§ **What this task involves**
The required output is the exact run of lines from the one that contains "כוחות גדולים של" to the end of the data, with every picture left out.

§ **Information supplied**
──────────

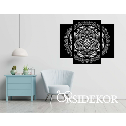 A 3 részes mandala falikép rendkívül modern megoldás otthonba vagy irodába. Kiváló kiegészítője lehet minden helyiségnek, hiszen nemcsak mutatós, hanem képes dekoratívan kitölteni az üres tereket, ezzel otthonossá és különlegessé teszi a látványt. A falik
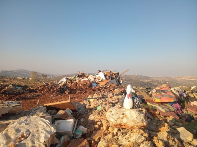 כוחות גדולים של משטרה והמנהל האזרחי הרסו לפנות בוקר (חמישי) מבנים בגבעת מבשר שלום שבשומרון ופינו מהם שתי משפחות המתגוררות במקום. הגבעה שוכנת סמוך לאביתר, ובשבועות האחרונים עלו באזור מתיחויות סביב אירועים ביטחוניים ועימותים בשטח.
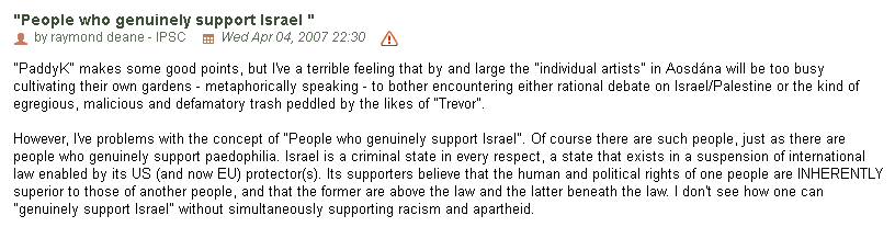 Raymond Deane, 21 Aug 2010, replies, showing his true colours.
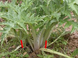 Les artichauts qui ont été préservés du froid sont prêts à fournir les œilletons nécessaires au renouvel-lements des plantations. Pour assurez une bonne reprise, choisissez des pousses dont les feuilles juvéniles sont bien visibles : elles ne sont presque pas découpées. Ne les couper pas car "l'habillage" leur est plutôt néfaste. Plantez-les ensuite par paire, à 1m en tous sens, dans unetrre bien drainée préalablement enrichie copieusement avec du fumier (4kg/m²) ou en engrais organique du commerce (2kg/m²) et un engrais complet riche en potasse (20g/m²).

──────────

§ **Answer to this exercise**
 כוחות גדולים של משטרה והמנהל האזרחי הרסו לפנות בוקר (חמישי) מבנים בגבעת מבשר שלום שבשומרון ופינו מהם שתי משפחות המתגוררות במקום. הגבעה שוכנת סמוך לאביתר, ובשבועות האחרונים עלו באזור מתיחויות סביב אירועים ביטחוניים ועימותים בשטח.
 Raymond Deane, 21 Aug 2010, replies, showing his true colours.
 Les artichauts qui ont été préservés du froid sont prêts à fournir les œilletons nécessaires au renouvel-lements des plantations. Pour assurez une bonne reprise, choisissez des pousses dont les feuilles juvéniles sont bien visibles : elles ne sont presque pas découpées. Ne les couper pas car "l'habillage" leur est plutôt néfaste. Plantez-les ensuite par paire, à 1m en tous sens, dans unetrre bien drainée préalablement enrichie copieusement avec du fumier (4kg/m²) ou en engrais organique du commerce (2kg/m²) et un engrais complet riche en potasse (20g/m²).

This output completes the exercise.